[TASK STATEMENT]: Please print every record exactly as it stands, leaving out the pictures.

[DATA SECTION]:
'''
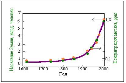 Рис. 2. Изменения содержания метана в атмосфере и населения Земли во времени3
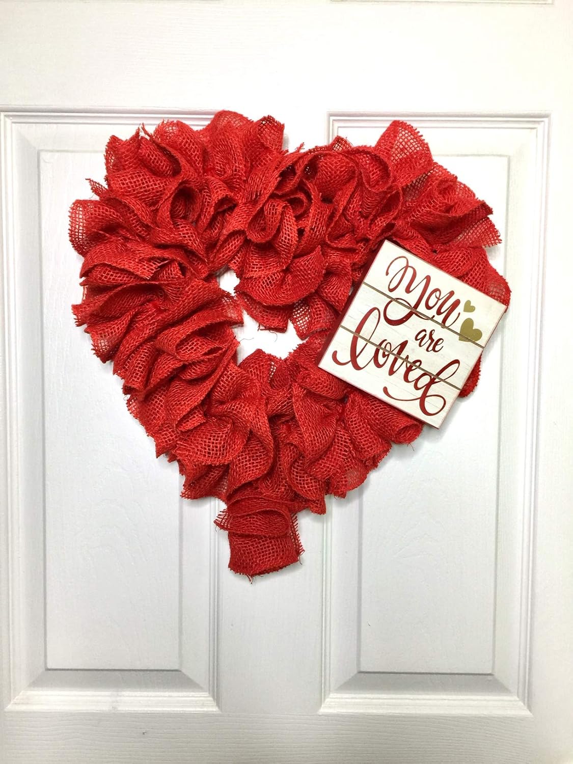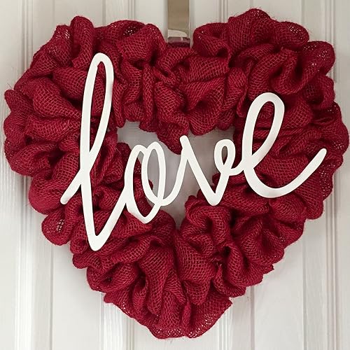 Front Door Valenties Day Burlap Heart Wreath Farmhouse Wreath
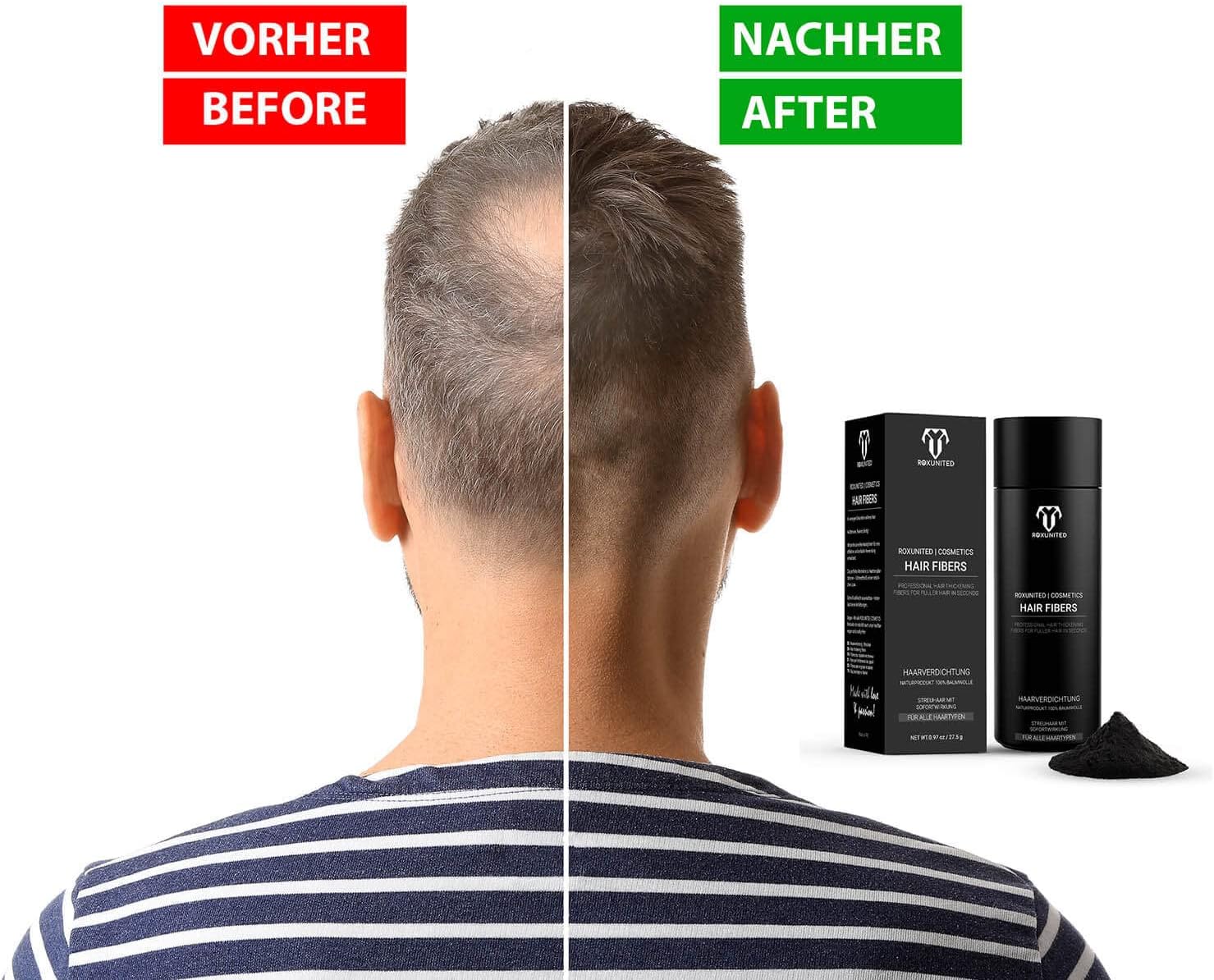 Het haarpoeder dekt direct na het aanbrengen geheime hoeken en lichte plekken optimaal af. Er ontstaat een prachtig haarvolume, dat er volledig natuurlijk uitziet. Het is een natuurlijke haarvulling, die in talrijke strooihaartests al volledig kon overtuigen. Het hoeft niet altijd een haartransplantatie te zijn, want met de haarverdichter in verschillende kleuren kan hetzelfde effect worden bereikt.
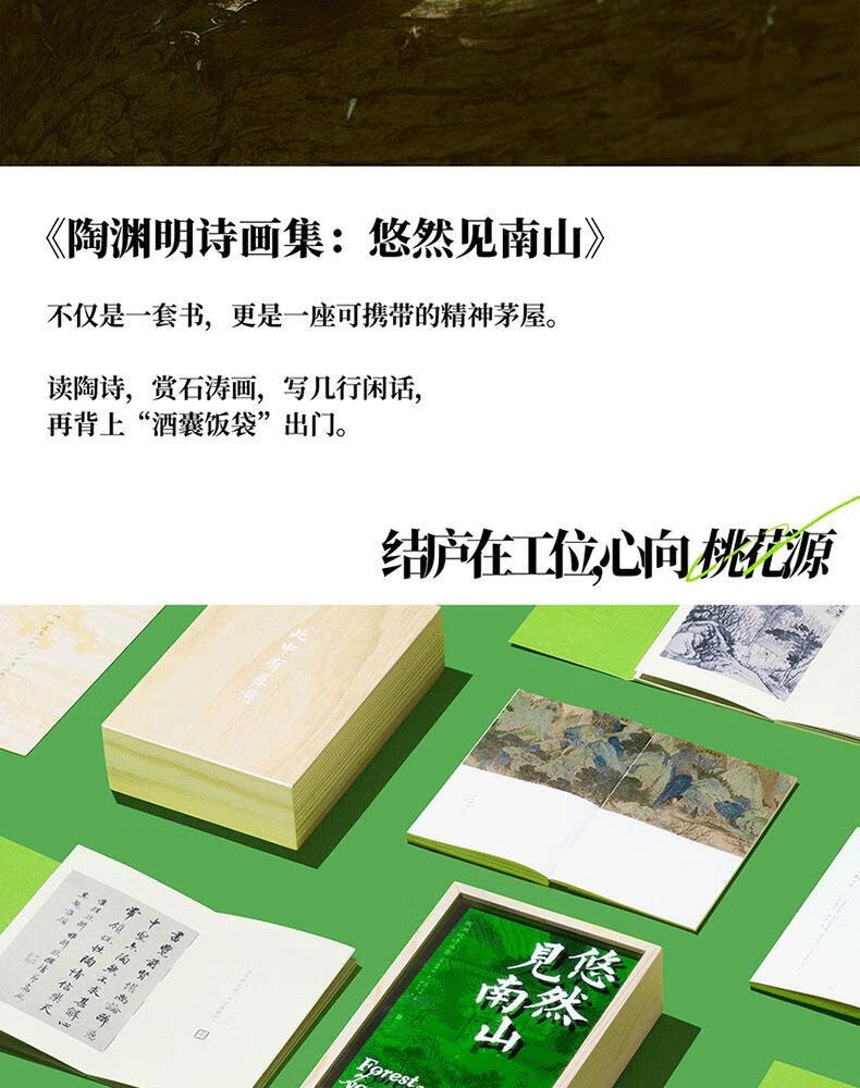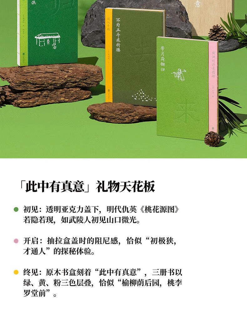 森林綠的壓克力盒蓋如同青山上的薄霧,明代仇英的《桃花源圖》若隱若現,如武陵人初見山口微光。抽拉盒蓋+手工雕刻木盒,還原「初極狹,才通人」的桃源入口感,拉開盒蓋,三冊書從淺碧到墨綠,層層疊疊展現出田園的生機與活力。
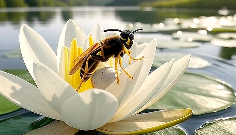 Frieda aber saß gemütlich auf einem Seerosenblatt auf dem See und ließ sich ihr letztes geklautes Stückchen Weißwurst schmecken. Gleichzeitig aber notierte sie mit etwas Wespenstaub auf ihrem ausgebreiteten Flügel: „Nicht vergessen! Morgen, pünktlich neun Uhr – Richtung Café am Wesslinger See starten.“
'''
[TASK RESULT]:
 Рис. 2. Изменения содержания метана в атмосфере и населения Земли во времени3
 Front Door Valenties Day Burlap Heart Wreath Farmhouse Wreath
 Het haarpoeder dekt direct na het aanbrengen geheime hoeken en lichte plekken optimaal af. Er ontstaat een prachtig haarvolume, dat er volledig natuurlijk uitziet. Het is een natuurlijke haarvulling, die in talrijke strooihaartests al volledig kon overtuigen. Het hoeft niet altijd een haartransplantatie te zijn, want met de haarverdichter in verschillende kleuren kan hetzelfde effect worden bereikt.
 森林綠的壓克力盒蓋如同青山上的薄霧,明代仇英的《桃花源圖》若隱若現,如武陵人初見山口微光。抽拉盒蓋+手工雕刻木盒,還原「初極狹,才通人」的桃源入口感,拉開盒蓋,三冊書從淺碧到墨綠,層層疊疊展現出田園的生機與活力。
 Frieda aber saß gemütlich auf einem Seerosenblatt auf dem See und ließ sich ihr letztes geklautes Stückchen Weißwurst schmecken. Gleichzeitig aber notierte sie mit etwas Wespenstaub auf ihrem ausgebreiteten Flügel: „Nicht vergessen! Morgen, pünktlich neun Uhr – Richtung Café am Wesslinger See starten.“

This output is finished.